Out-of-Distribution Generalization of In-Context Learning: A Low-Dimensional Subspace Perspective

arXiv stat.ML / 4/30/2026

💬 OpinionIdeas & Deep AnalysisModels & Research

Key Points

  • The paper addresses a key gap in understanding when in-context learning (ICL) can or cannot generalize beyond the pre-training data distribution.
  • It introduces a minimal, provable mathematical model using linear regression tasks with low-rank covariance, treating distribution shift as changing angles between subspaces.
  • The authors derive conditions under which a single-layer linear attention model can interpolate across all subspace angles, enabling ICL generalization even to test regions with zero training probability mass.
  • They show a contrasting result: when pre-training tasks come from a single Gaussian, test risk depends on the angle, indicating ICL fails to generalize out-of-distribution (OOD) in that setting.
  • Empirical and extension experiments suggest the insights also apply to architectures like GPT-2 and can extend to nonlinear function classes.

Abstract

The transformer's remarkable ability to perform in-context learning (ICL) has sparked a wide range of studies designed to understand its strengths and limitations.

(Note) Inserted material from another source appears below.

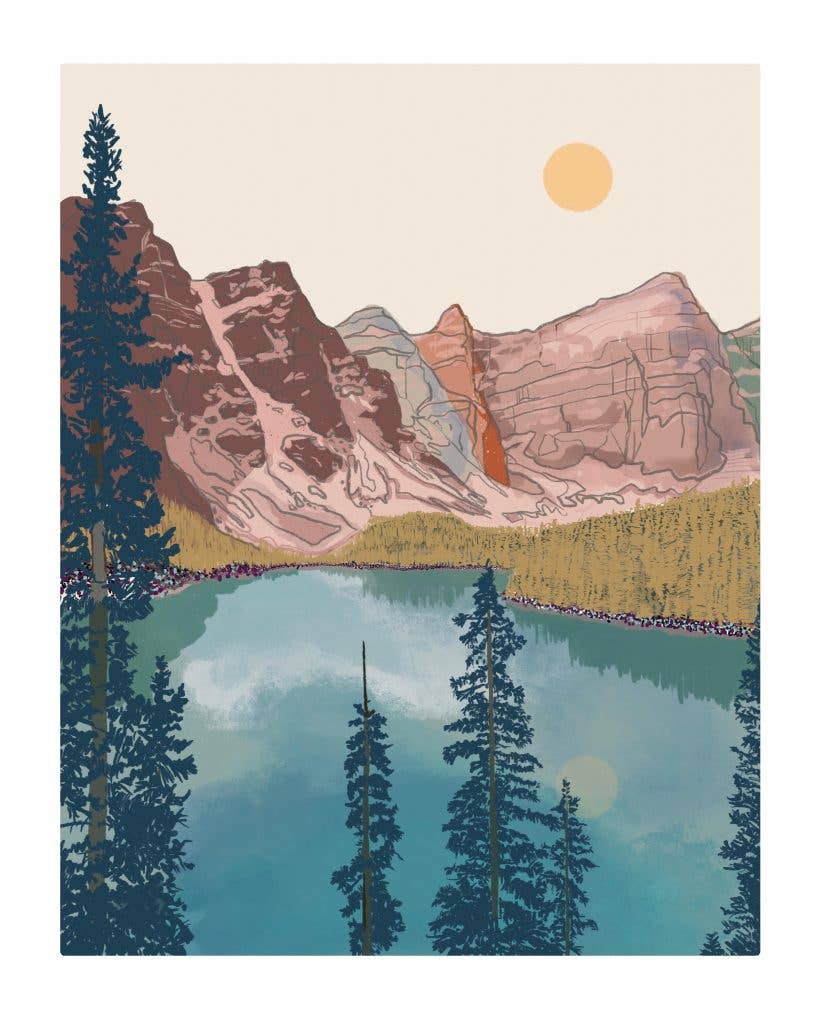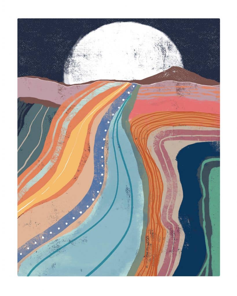 For Walker, the creative process involves first shooting photographs for inspiration. Then, he brings the scenes to life using pen and ink, acrylic paint, and digital editing. His color palette incorporates desert hues, pastels, and earth tones.

However, a theoretical understanding of when ICL can and cannot generalize beyond its pre-training data still remains unclear. This paper puts forth a minimal mathematical model that provably identifies when ICL can generalize out-of-distribution (OOD). By studying linear regression tasks parameterized with low-rank covariance matrices, we model distribution shifts as varying angles between subspaces and derive conditions under which a single-layer linear attention model interpolates across all angles. We show that if pre-training task vectors are drawn from a union of subspaces, transformers can generalize to all angle shifts--enabling ICL even in regions with zero probability mass in the training distribution. On the other hand, if the pre-training tasks are drawn from a single Gaussian, the test risk shows a non-negligible dependence on the angle, implying that ICL cannot generalize OOD. We empirically show that our results also hold for models such as GPT-2, and present experiments on how our results extend to nonlinear function classes.